Records from a dataset
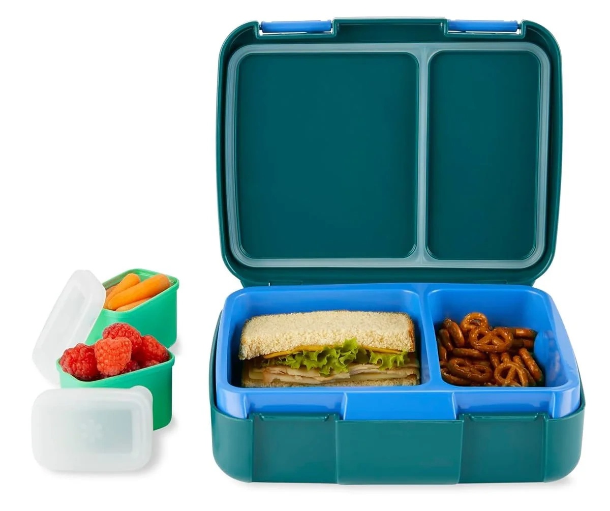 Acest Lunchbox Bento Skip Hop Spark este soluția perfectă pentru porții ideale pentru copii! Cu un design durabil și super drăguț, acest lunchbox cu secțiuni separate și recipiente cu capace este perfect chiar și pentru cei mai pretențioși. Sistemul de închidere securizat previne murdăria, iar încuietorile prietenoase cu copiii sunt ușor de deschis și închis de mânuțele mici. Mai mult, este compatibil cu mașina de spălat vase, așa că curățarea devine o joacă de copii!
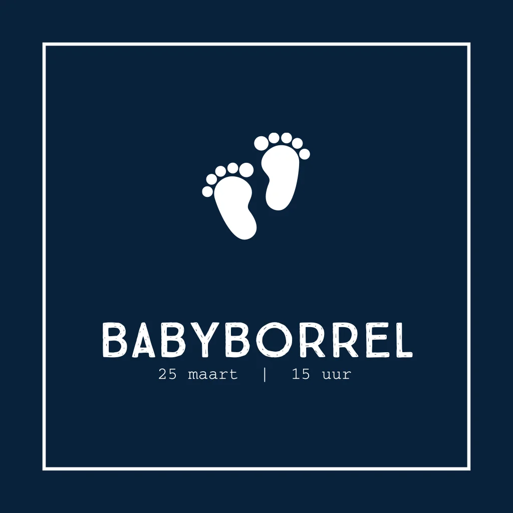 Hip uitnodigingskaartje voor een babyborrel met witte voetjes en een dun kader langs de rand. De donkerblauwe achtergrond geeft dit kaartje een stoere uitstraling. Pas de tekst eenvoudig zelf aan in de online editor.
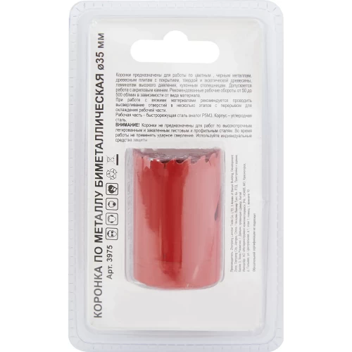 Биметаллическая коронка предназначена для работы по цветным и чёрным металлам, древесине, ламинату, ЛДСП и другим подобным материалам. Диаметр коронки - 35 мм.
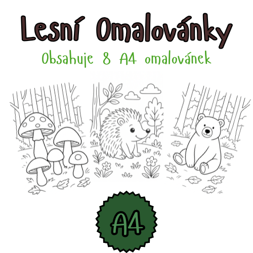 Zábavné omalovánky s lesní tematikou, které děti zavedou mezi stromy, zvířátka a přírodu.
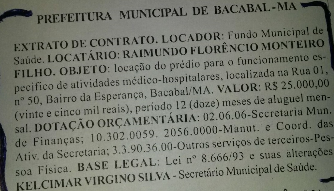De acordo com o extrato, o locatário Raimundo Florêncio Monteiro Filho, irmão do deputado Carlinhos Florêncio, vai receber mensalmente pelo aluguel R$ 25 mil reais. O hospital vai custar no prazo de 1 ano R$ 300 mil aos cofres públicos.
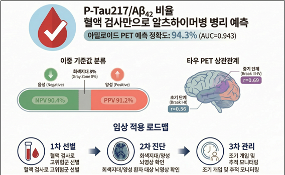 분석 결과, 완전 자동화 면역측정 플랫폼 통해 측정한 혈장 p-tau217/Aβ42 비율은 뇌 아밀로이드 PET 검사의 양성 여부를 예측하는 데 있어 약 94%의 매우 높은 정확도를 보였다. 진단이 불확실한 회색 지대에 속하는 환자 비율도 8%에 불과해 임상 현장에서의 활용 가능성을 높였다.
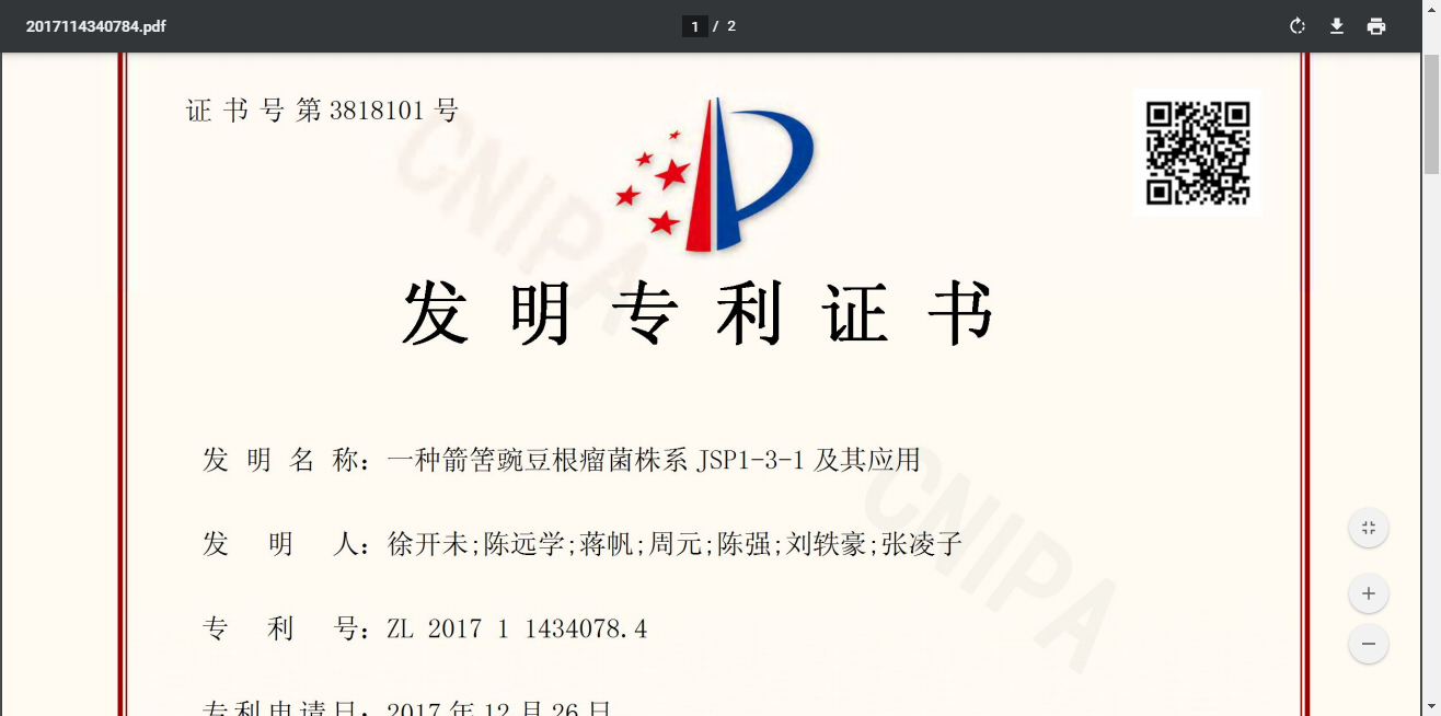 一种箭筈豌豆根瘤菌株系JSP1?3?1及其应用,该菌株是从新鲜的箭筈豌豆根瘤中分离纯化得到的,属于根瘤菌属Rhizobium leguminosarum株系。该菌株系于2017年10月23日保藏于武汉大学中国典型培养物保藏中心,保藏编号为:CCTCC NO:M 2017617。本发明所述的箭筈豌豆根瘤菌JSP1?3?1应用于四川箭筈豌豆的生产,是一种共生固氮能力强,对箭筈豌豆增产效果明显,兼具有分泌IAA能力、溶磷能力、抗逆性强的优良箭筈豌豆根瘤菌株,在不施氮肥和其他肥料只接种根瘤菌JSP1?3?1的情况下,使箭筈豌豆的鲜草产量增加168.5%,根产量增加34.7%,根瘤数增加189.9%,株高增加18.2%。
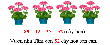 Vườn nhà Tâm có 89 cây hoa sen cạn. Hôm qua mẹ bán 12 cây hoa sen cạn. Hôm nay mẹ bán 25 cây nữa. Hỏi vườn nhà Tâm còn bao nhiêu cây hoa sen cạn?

What is expected. In the records above, find the line containing "Hip uitnodigingskaartje voor" and the line containing "Биметаллическая коронка предназначена", then give both of them again word for word along with every line between. Omit any pictures.

Output below.
 Hip uitnodigingskaartje voor een babyborrel met witte voetjes en een dun kader langs de rand. De donkerblauwe achtergrond geeft dit kaartje een stoere uitstraling. Pas de tekst eenvoudig zelf aan in de online editor.
 Биметаллическая коронка предназначена для работы по цветным и чёрным металлам, древесине, ламинату, ЛДСП и другим подобным материалам. Диаметр коронки - 35 мм.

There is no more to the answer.